Personal information
- Full name: Paul Sharkey
- Date of birth: 8 June 1974 (age 50)
- Original team(s): Sandhurst / Catholic College Bendigo
- Draft: 22nd, 1990 AFL draft
- Height: 190 cm (6 ft 3 in)
- Weight: 92 kg (203 lb)
- Position(s): Defender

Playing career^{1}
- Years: Club / Games (Goals)
- 1994–1997: Collingwood / 26 (4)
- ^{1} Playing statistics correct to the end of 1997.

= Paul Sharkey =

Australian rules footballer

Paul Sharkey (born 8 June 1974) is a former Australian rules footballer who played with Collingwood in the Australian Football League (AFL) during the 1990s.

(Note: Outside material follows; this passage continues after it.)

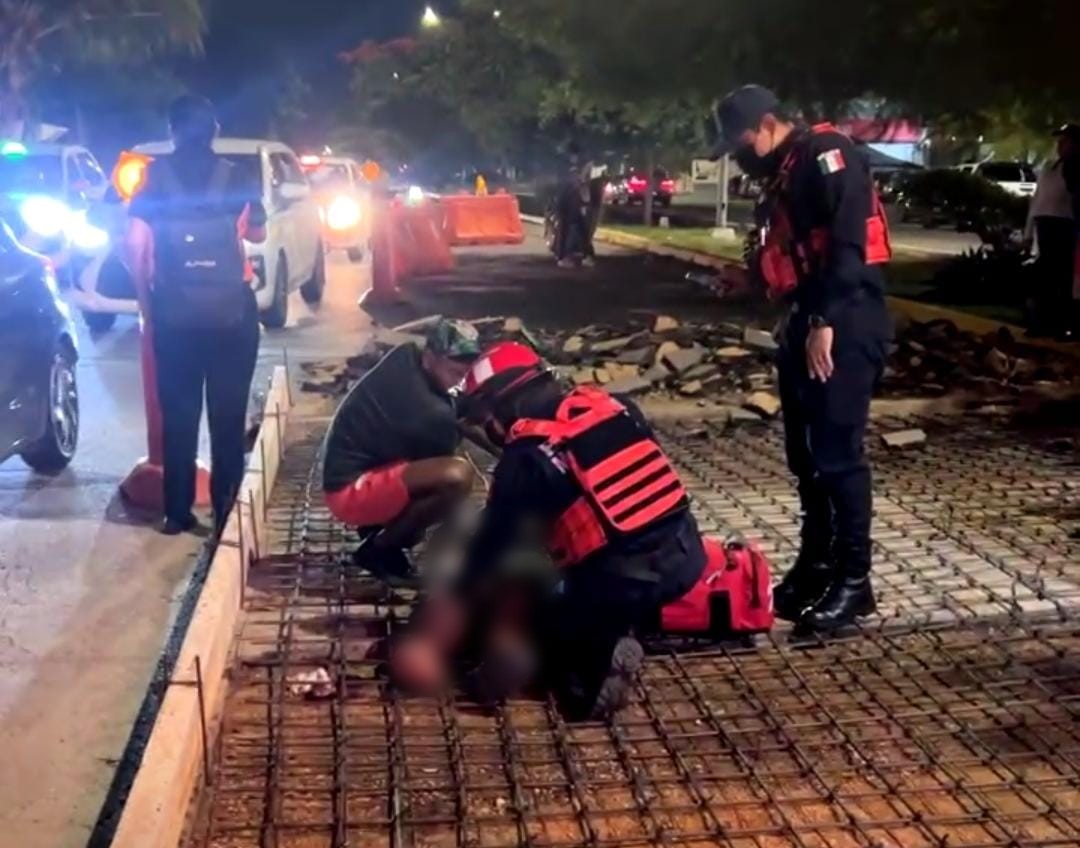 Playa del Carmen(Marcrix Noticias).- Una aparatosa escena se registró la noche del viernes en la avenida Chemuyil de Playa del Carmen, donde un motociclista terminó herido de gravedad al caer directamente sobre una cama de varillas de acero expuesta en una obra en construcción.

Sharkey was only 16 when he came to Collingwood from Bendigo, after being secured with the 22nd pick of the 1990 AFL draft. He didn't make his league debut until 1994 and made ten appearances in total for the season, including a qualifying final against West Coast. A tall defender, he played just once in 1995 but added another ten games in 1996.

He was traded to Hawthorn Football Club prior to the 1998 season, in exchange for Shannon Gibson. Sharkey however wouldn't play another AFL game and saw out the decade at the Bendigo Bombers.

Appeared on an episode of Family Feud alongside his wife, mother and daughter in 2011.